La livraison du Sarkophage n° 7 est encore meilleure que toutes celles qui ont précédé. Encore une fois, je pense que plus Sarkozy est exécrable, c’est-à -dire un petit homme politique qui s’est mis au service exclusif des très riches, plus ses détracteurs intelligents sont condamnés à l’excellence. L’éditorial de Paul Ariès (" La politique de l’escargot " ) déconstruit le sarkozysme, « enfant du fétichisme du temps et du culte de la vitesse qui conduisent à cette primauté morbide des temps rapides sur les temps lents et des temps cours sur les temps longs. » La vitesse, dit Ariès, « a partie liée avec le capitalisme, et toute accélération se fait toujours au détriment des plus faibles. » Dès lors, « nous devons refuser le hors-temps comme nous combattons le hors-sol. »

Pour Geneviève Azam, responsable d’Attac (" La gauche au défi de l’écologie " ), les discours dominants s’accordent avec « les sirènes d’une " économie sociale et écologique de marché " , telle qu’elle apparaît dans le projet du parti socialiste.
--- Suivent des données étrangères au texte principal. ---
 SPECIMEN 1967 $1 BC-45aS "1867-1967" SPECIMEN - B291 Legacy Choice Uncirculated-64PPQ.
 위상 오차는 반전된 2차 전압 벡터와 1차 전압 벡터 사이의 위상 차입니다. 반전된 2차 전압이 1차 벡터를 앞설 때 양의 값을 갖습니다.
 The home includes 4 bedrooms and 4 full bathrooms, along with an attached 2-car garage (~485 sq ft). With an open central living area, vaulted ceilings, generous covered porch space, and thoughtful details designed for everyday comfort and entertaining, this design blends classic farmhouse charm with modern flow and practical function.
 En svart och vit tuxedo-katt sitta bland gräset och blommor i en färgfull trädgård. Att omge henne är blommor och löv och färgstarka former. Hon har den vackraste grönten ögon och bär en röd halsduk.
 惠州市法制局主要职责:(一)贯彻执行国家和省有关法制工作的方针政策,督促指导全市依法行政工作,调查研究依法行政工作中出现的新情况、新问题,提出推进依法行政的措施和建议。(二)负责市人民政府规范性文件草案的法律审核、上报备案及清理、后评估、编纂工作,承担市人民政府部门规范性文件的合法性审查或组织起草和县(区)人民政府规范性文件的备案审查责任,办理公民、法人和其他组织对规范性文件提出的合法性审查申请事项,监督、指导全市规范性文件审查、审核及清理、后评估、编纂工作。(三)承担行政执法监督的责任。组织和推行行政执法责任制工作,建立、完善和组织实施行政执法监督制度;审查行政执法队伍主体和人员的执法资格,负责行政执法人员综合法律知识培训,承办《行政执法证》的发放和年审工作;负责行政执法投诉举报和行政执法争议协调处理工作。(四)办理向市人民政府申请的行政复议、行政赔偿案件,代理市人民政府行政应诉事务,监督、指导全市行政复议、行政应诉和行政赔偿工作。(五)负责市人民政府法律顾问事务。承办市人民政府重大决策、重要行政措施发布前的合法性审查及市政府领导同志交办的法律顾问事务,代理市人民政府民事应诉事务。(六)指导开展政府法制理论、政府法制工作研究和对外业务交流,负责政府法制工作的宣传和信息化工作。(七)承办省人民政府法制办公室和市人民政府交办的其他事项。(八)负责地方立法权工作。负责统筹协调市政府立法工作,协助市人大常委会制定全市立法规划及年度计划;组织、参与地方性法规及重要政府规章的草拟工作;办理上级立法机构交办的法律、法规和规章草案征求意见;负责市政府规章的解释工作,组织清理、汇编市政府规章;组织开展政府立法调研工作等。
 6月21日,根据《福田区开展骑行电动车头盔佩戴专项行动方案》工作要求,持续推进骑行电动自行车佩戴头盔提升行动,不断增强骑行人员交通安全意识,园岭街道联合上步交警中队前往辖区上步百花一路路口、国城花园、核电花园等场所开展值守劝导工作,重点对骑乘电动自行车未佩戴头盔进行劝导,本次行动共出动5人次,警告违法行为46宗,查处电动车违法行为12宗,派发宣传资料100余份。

C’est l’espoir d’une croissance " verte " , obtenue grâce à la combinaison du marché et de technologies " propres " , c’est aussi la promotion d’une " société de la connaissance" , qui serait miraculeusement affranchie d’une pression trop lourde sur les ressources naturelles. » Pour Azam, « en rabattant la politique dans l’ordre de l’économique, la gauche "moderniste " a cru faire de la globalisation économique un projet politique émancipateur pour l’humanité, en semblant ignorer que ce modèle économique n’est pas universalisable, notamment pour des raisons écologiques. Elle poursuit aujourd’hui son entreprise en faisant du capitalisme l’horizon indépassable de l’humanité, et de " l’économie sociale et économique de marché " son régulateur.
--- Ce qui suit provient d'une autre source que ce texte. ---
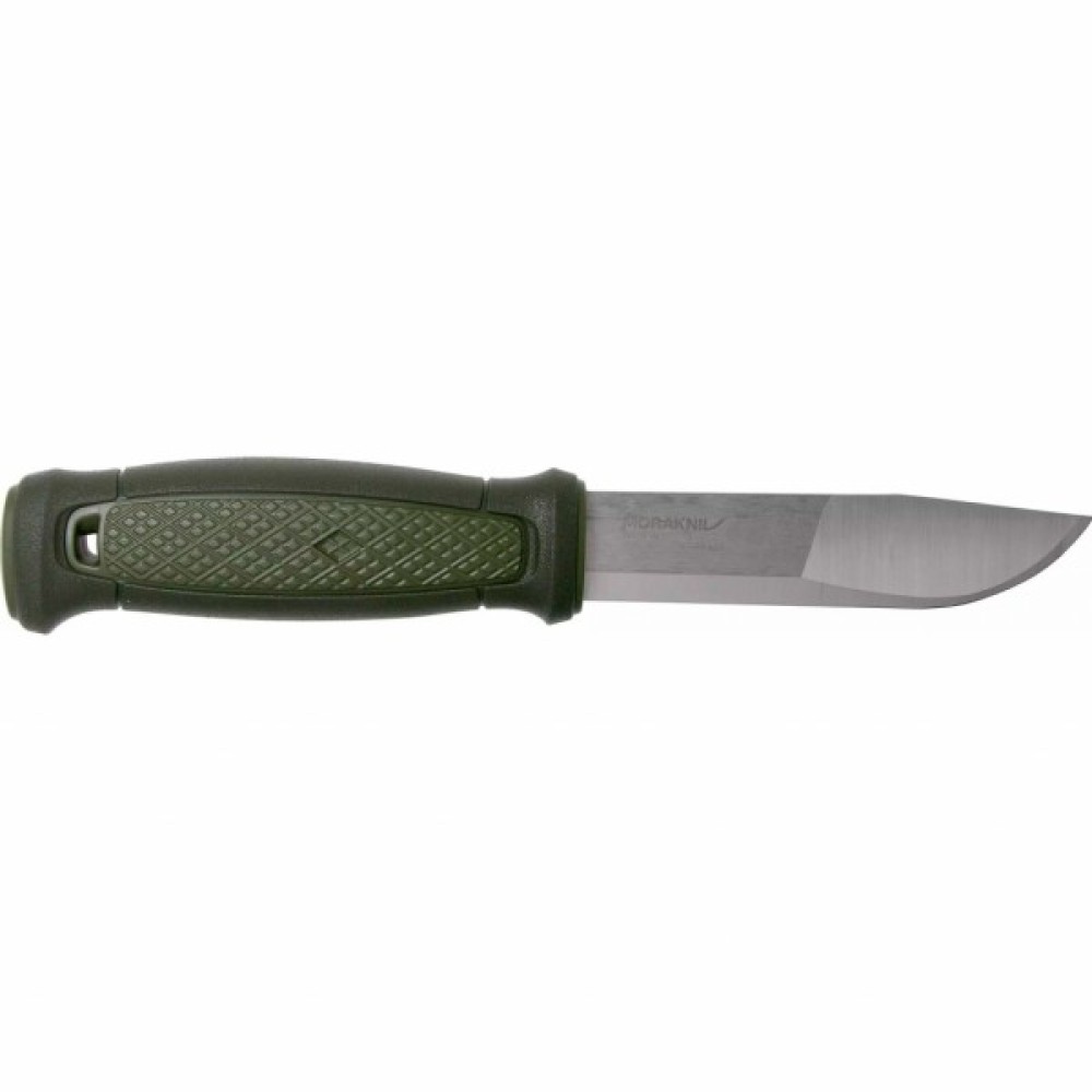Morakniv Kansbol - продовження лінійки популярних універсальних ножів Outdoor 2000 з оновленим сучасним дизайном рукояті. Клинок довжиною 109 мм виготовлений зі шведської нержавіючої сталі Sandvik 12C27, оброблений методами "стоунвош" і сатинування, оптимально підійде для вирішення більшості побутових, туристичних і мисливських завдань. Рукоять виготовлена з міцних полімерів. Для запобігання ковзання та підвищення комфорту в утриманні, рукоять має прогумоване покриття, а також текстуровану вставку всередині. Отвір у тильній частині рукояті передбачено для кріплення темляка.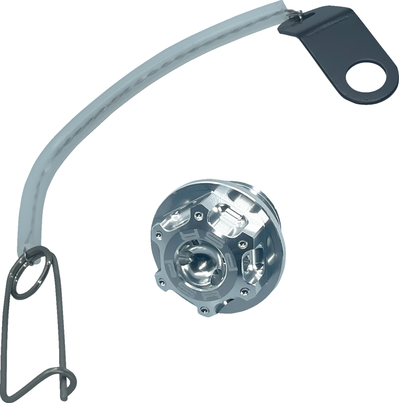 E-clip is already safety wired to a mounting tab and the wire covered with silicone tubing that will not melt or discolor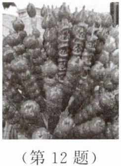 12. 如图所示,制作冰糖葫芦时,先将洗净的山楂穿在竹签上,再将一定量的白糖放入锅中加热,待白糖熔化为糖浆后,将山楂放入锅中蘸上糖浆,待山楂上的糖浆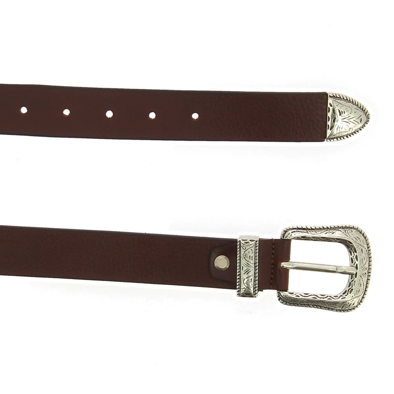 Cinturón wester de cuero marron oscuro para mujer con hebilla de metal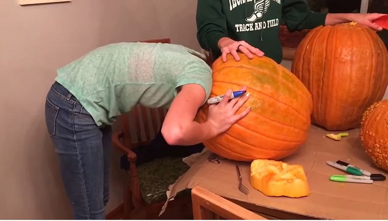 Apparently not. What started out as a family pumpkin carving activity turned out to be a hilarious event for the rest of the family as this teenaged girl puts her head in a pumpkin and finds that she can’t get it out.

Fouquier-Tinville taille des croupières à " La pensée Delanoë " . Blairiste jusqu’à la moelle, le maire de Paris part du principe que « l’économie n’est pas de droite ou de gauche. L’économie est. […] Elle n’est pas un débat, c’est un fait ». "Moderne" , Delanoë défend la flexibilité, l’assouplissement du Code du travail et le développement de l’idéologie managériale dans les municipalités. Avouant un faible pour le communautarisme face à l’assimilationnisme, il aime les quotas et les discriminations positives qu’en bon publicitaire de la gauche américaine il préfère appeler " affirmative action " .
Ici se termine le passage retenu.